Monday, November 17, 2014

Short: "Fatale" by Jean-Patrick Manchette

Short: Fatale by Jean-Patrick manchette, translated by Donald Nicholson-Smith, 1977 French, 2011 translation for 9781590173817.

A week ago at WLA someone asked if I was still doing video book talks and posting them online. I've slacked off for several reasons but I will occasionally read something and think how it would be a great piece to read aloud. Fatale is only 91 pages long and the first chapter, at two pages, would be ideal to read aloud for a video.

I ordered this for work after a blurb by Unshelved. Aimee is a French woman, in her thirties, thin and fit, who travels the country finding work as a killer. She'll move to a town, insinuate herself into the lives of the local upper class and pay attention. After a time she'll have identified the schisms, the jealousies, the money troubles, the infidelities and make an offer to make a killing.

Aimee hates "the real assholes" in life and seems to enjoy killing them. She killed her abusive husband and got away with claiming he stabbed himself by accident. Now she travels to Bleville on the West coast and meets the local bigwigs. She plays bridge. She goes to parties. She watches the married couples. She sees who fights. Who plays politics. She identifies a man who others would pay to kill. Many people take up her offer, not knowing the others are paying her for the same thing.

The killing does not go well. Aimee loses her interest but succeeds as the victim bleeds out. She tries to turn herself in and make sure the moneyed people get busted. But, the cop is a stooge for the rich and Aimee is taken to a remote meeting. Bad idea because Aimee makes things very bloody.

Quick and dark. Manchette translated American crime novels and those included work by Westlake. This has stark Stark feel with Aimee a matter-of-fact killer.

Finished: "Supreme Justice" by Max Allan Collins

Finished: Supreme Justice by Max Allan Collins, 2014, 9781612185309.

This is not Nate Heller solving the JFK murder. I kept thinking thatwais the book I took home. Nope. Not this one. The covers are not similar so I'm not sure how I got them screwed up.

I did tear through this book though. I was at work and would plan for getting home so I could grab the book and read.

Former Secret Service Agent Joseph Reeder became famous by jumping in front of an assassin's gunfire to save a President. Reeder's injury led him to a desk job and then a disability retirement. While retiring the left-wing Reeder mentioned how he hated the right-wing President he saved. Reeder became a pariah among his former colleagues and other federal law enforcement types.

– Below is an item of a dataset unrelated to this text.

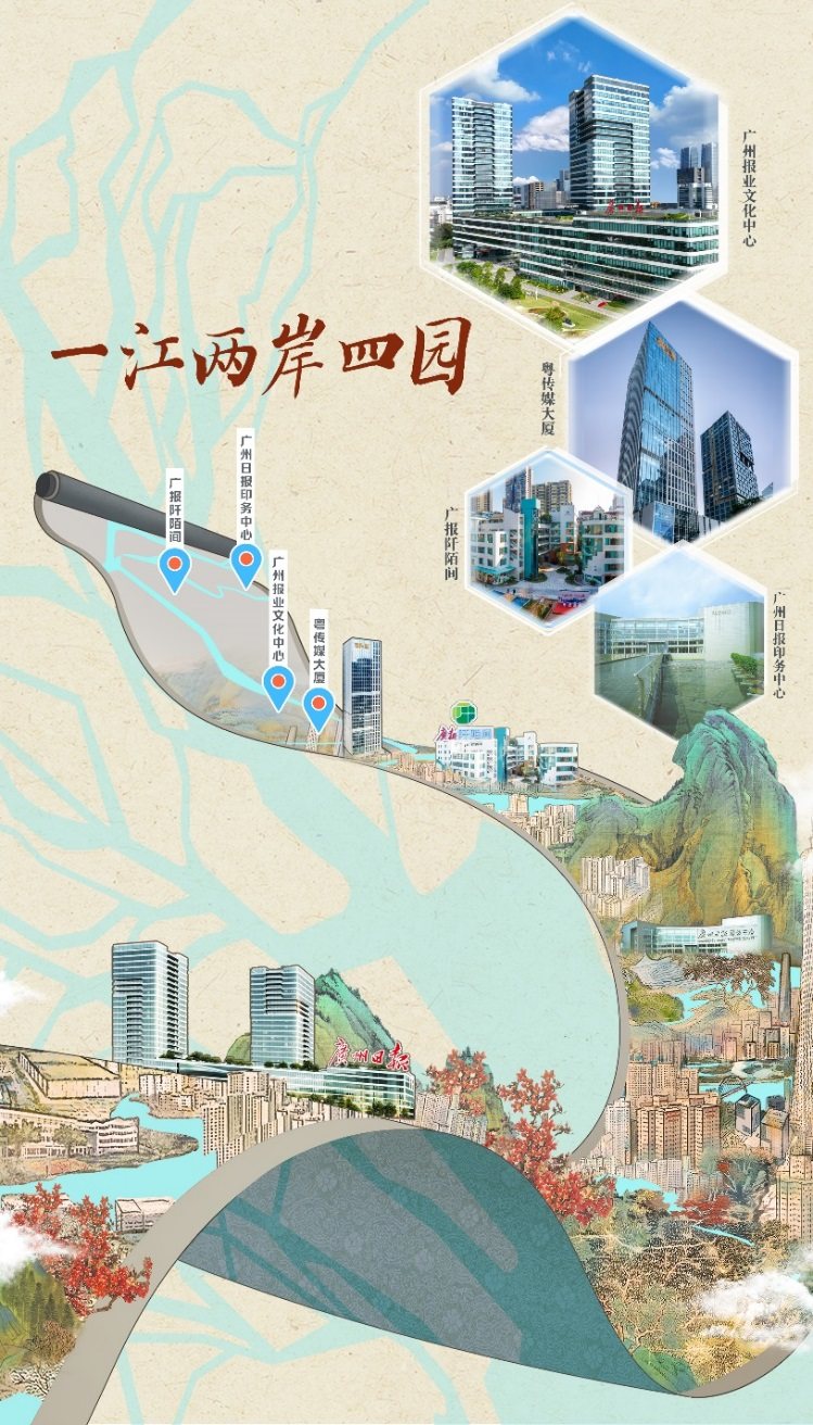 广州报业文化中心、粤传媒大厦、广报“阡陌间”和广州日报印务中心这“一江两岸四园”,如雄鹰之翼,托举着“广州日报报业集团”这块招牌,在时代浪潮中逐光前行。

Set in about 2025 (You can figure it out from Reeder's age and reference to his birth date but I do not recall the exact year) and the country has taken a hard, legal turn to the right. The 4th Adendment has been gutted and abortion is outlawed. There is a strong conservative block on the Supreme Court and those Justices want to change laws.

Reeder starts a successful security business after his retirement. A Supreme Court Justice is murdered in a D.C. restaurant where Reeder's company installed and services security cameras. A FBI pal of Reeder's asks him to look at the security tape of the killing because Reeder is also an "kinesics" expert; he is a body language and facial expressions expert and can see things other people miss.  Reeder sees that what appeared as a robbery was an assassination of the Justice

Reeder is asked to join the new task force to find the Justice's killers. Reeder joins. Then a second Justice is murdered. Both Justices are on the far right wing of the Court. Uh-oh.  Trouble is brewing. Reeder is partnered with an FBI Agent and they look for the street level crooks who seem responsible for the first murder.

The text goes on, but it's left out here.